Roosevelt was too worried about the whining of the anti-stimulus crowd that he confronted. He remained concerned about balancing the budget when the proper goal of fiscal policy should have been large deficits to stimulate the economy. Roosevelt's policies substantially reduced the unemployment rate from the 25 percent peak when he first took office, but they did not get the unemployment rate back into single digits.

Further, in a November 17, 2008, post on his personal blog, University of California-Berkeley economics professor Brad DeLong wrote, "Private investment recovered in a very healthy fashion as Roosevelt's New Deal policies took effect. The interruption of the Roosevelt Recovery in 1937-1938 is, I think, wel [sic] understood: Roosevelt's decision to adopt more 'orthodox' economic policies and try to move the budget toward balance and the Federal Reserve's decision to contract the money supply by raising bank reserve requirements provide ample explanation of that downturn."

Progressive economists are not alone in crediting Roosevelt's policies for easing the economic crisis. As Newsweek senior editor Daniel Gross noted on his blog on January 4, 2007, Federal Reserve chairman Ben Bernanke -- appointed by President Bush -- wrote in his Essays on the Great Depression, "Only with the New Deal's rehabilitation of the financial system in 1933-35 did the economy begin its slow emergence from the Great Depression."
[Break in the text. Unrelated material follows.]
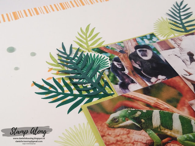 Wat vind jij van deze pagina? Ik ben echt supertrots op het eindresultaat en ik moet zeker vaker een scrapbookpagina maken. Voor de hele pagina heb ik de Tropical Chic Bundle gebruikt. Als je zowel de Tropical Chic stempelset als de Tropical Thinlits Dies aanschaft, ontvang je een bundel korting van 10%. En als je deze maand de bundel besteld, doe er dan bijvoorbeeld ook een inkpad bij. Je bestelbedrag komt dan boven de € 60,= waardoor je een voucher t.w.v. € 6,= ontvangt, die je in september kunt besteden. Bij bestellingen boven de € 50,= neem ik de verzendkosten voor mijn rekening.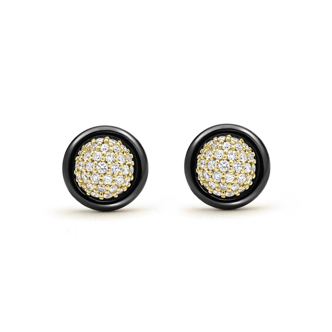 18K Gold and Black Ceramic Diamond Stud Earrings

From the April 8 broadcast of American Public Media's Marketplace Morning Report:

STEVE CHIOTAKIS (host): We've heard it time and time again: This recession is unlike any other. Yet the temptation to compare it to past downturns, especially that one in the '30s, has proved difficult for pundits and policymakers to resist. Commentator Will Wilkinson thinks if we want to look for precedents, it's time to look beyond our borders.

WILKINSON: Our current economic downturn has brought to life old debates about the Great Depression: What got us into it and what got us out of it? The role of the New Deal looms large. Did it deepen the Depression, as many economic historians now say? Or did it save capitalism from itself, like I learned in 6th grade social studies?

Let me tell you, people get really heated about this question. But hold on: Is this debate really relevant to our current crisis?

The U.S. of 80 years ago is a strange and faraway land. When the Great Depression hit, there was no Social Security, there was no unemployment insurance, and Jim Crow was in full effect. There was no such thing as a mortgage-backed security, a collateralized debt obligation, or a credit default swap. U.S. currency was backed by gold.

Financial systems all over the world have undergone a series of deep changes since the 1930s. Trying to draw current policy lessons from the Great Depression is sort of like coming up with a new strategy for the war in Afghanistan by studying the Normandy invasion.

Our pundits' obsession with the Depression and the New Deal represents an all-too typical American exceptionalism, as if only our history really matters. But an apt comparison requires similar institutions, not the same flag.

If we're going to fight over history, let's fight over the recent history of the 1990s Japanese and Swedish banking crises. Let's talk about the financial collapse of Argentina, from which it has only recently emerged. All those economies were more like America's is now than America's was way back when my grandpa was playing football in a sweater and a leather helmet.

So what lessons should we draw from the rather more germane recent experiences of countries with similar economies? Truth is, I don't know. Maybe I should work harder to find out. And maybe American opinion-makers should spend less time fighting over FDR's enduring legacy and more time learning from the rest of the world.

CHIOTAKIS: Will Wilkinson is a fellow at the Cato Institute.